* **YOUR GOAL**:
Reproduce all of the data below without alteration; exclude every picture.

* **GIVEN INFORMATION**:
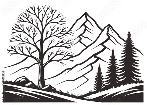 Black and White Mountain Landscape Illustration Bare Tree Coniferous Trees Rocks Hills vector
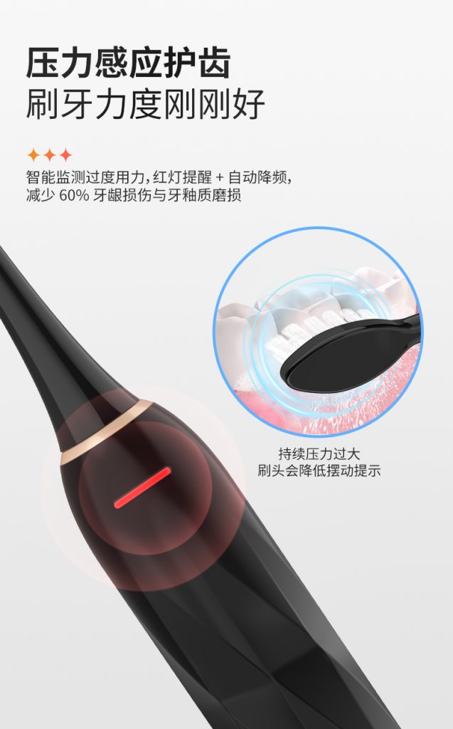 2、压力感应护齿:监测力度,红灯提醒 + 自动降频,减 60% 牙龈损伤?
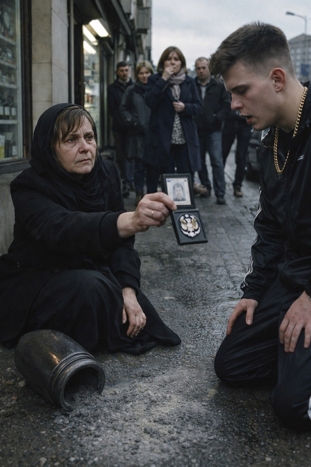 Wokół zaczęli zatrzymywać się ludzie. Jedni wyciągali telefony, inni szeptali coś między sobą, jeszcze inni patrzyli na chłopaka z otwartą pogardą.

* **SOLUTION**:
 Black and White Mountain Landscape Illustration Bare Tree Coniferous Trees Rocks Hills vector
 2、压力感应护齿:监测力度,红灯提醒 + 自动降频,减 60% 牙龈损伤?
 Wokół zaczęli zatrzymywać się ludzie. Jedni wyciągali telefony, inni szeptali coś między sobą, jeszcze inni patrzyli na chłopaka z otwartą pogardą.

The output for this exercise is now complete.